* **Requirement**
Find the line with "Наклейки новогодние на" in the entries below, then reproduce it and every line after it down to and including the line with "Σεισμός μεγέθους 4,8", exactly.

* **Information supplied**

# # # # # # #

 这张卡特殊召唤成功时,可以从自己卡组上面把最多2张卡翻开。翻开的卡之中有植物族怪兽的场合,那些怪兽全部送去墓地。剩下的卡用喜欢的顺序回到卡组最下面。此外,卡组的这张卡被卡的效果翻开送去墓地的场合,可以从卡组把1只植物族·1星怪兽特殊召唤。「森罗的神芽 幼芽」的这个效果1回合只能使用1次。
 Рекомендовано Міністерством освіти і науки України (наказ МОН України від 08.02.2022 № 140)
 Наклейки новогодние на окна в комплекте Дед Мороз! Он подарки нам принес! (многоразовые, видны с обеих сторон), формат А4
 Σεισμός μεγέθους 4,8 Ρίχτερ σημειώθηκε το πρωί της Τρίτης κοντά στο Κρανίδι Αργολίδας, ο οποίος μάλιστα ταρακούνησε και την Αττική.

# # # # # # #

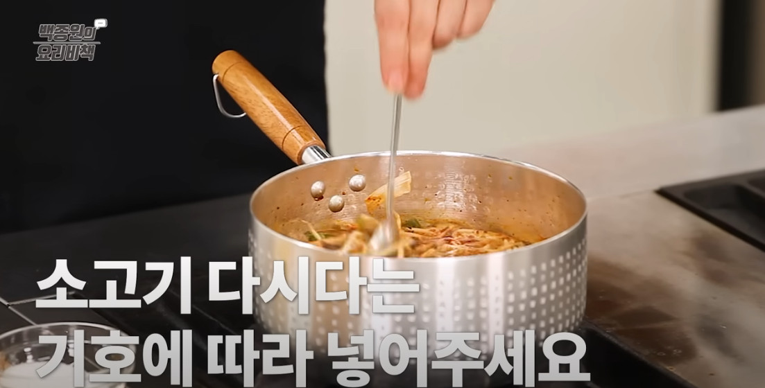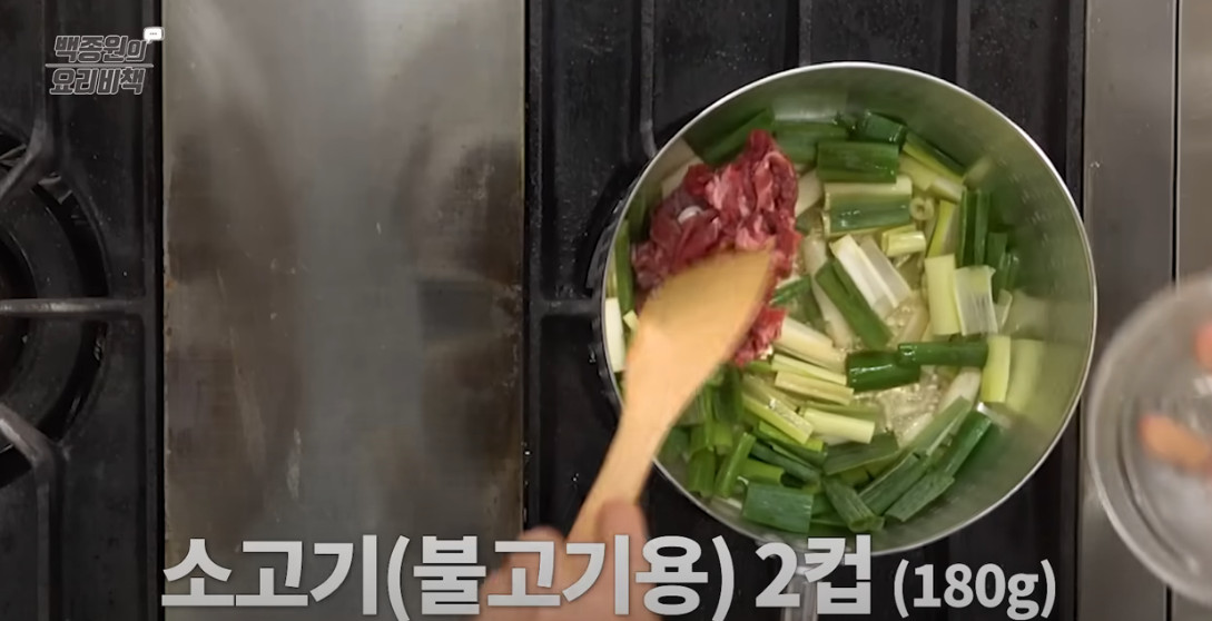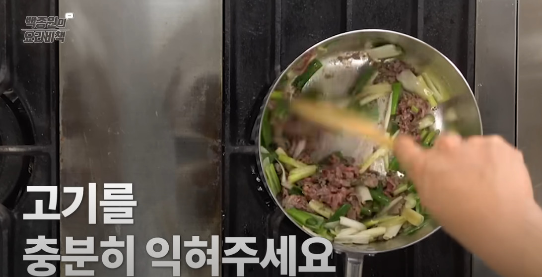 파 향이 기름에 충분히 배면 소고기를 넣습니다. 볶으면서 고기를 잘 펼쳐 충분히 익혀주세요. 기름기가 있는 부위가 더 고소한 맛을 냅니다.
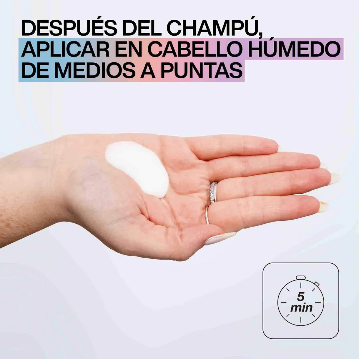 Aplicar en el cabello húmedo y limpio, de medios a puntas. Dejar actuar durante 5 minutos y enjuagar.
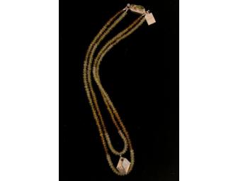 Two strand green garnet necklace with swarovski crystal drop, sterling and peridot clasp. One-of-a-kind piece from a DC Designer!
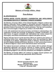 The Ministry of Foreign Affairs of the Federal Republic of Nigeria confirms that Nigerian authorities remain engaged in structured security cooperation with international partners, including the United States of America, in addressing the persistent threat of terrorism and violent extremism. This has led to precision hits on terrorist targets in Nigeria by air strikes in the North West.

# # # # # # #

* **Written reply**
 Наклейки новогодние на окна в комплекте Дед Мороз! Он подарки нам принес! (многоразовые, видны с обеих сторон), формат А4
 Σεισμός μεγέθους 4,8 Ρίχτερ σημειώθηκε το πρωί της Τρίτης κοντά στο Κρανίδι Αργολίδας, ο οποίος μάλιστα ταρακούνησε και την Αττική.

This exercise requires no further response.